> **Problem**
Beginning with the line containing "The redesigned 2025R" and ending with the line containing "Simplified procurement: Trusts", write out each line of the records below exactly; pictures and lines outside that range are left out.

> **Provided material**
☆ ☆ ☆

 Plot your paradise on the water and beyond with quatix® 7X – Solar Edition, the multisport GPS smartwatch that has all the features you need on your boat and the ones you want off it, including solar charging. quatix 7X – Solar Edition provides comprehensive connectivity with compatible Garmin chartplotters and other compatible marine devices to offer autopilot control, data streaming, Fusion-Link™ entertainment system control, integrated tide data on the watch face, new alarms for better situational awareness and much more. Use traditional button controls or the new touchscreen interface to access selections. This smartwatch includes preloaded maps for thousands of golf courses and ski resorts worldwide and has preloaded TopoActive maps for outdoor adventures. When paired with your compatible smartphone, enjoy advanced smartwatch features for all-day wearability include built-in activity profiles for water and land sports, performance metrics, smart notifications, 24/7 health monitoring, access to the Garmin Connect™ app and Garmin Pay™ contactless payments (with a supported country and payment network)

☆ ☆ ☆

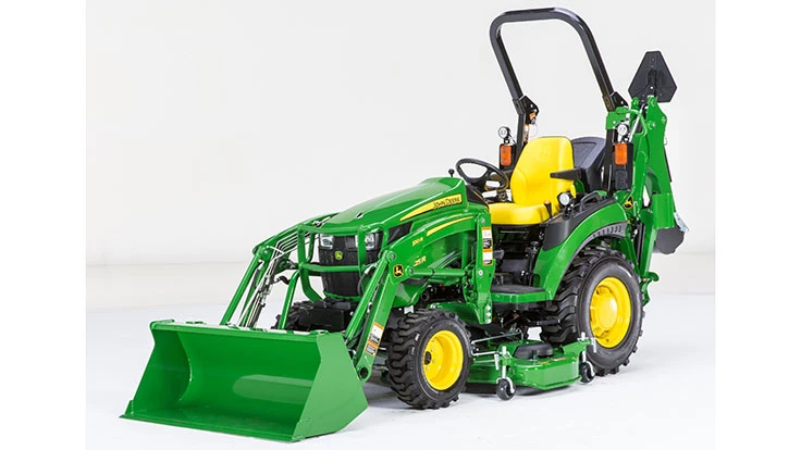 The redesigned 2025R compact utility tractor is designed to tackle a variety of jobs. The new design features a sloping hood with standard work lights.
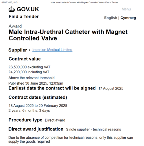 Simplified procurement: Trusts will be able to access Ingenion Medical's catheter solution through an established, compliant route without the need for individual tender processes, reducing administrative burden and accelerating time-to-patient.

☆ ☆ ☆

> **The answer**
 The redesigned 2025R compact utility tractor is designed to tackle a variety of jobs. The new design features a sloping hood with standard work lights.
 Simplified procurement: Trusts will be able to access Ingenion Medical's catheter solution through an established, compliant route without the need for individual tender processes, reducing administrative burden and accelerating time-to-patient.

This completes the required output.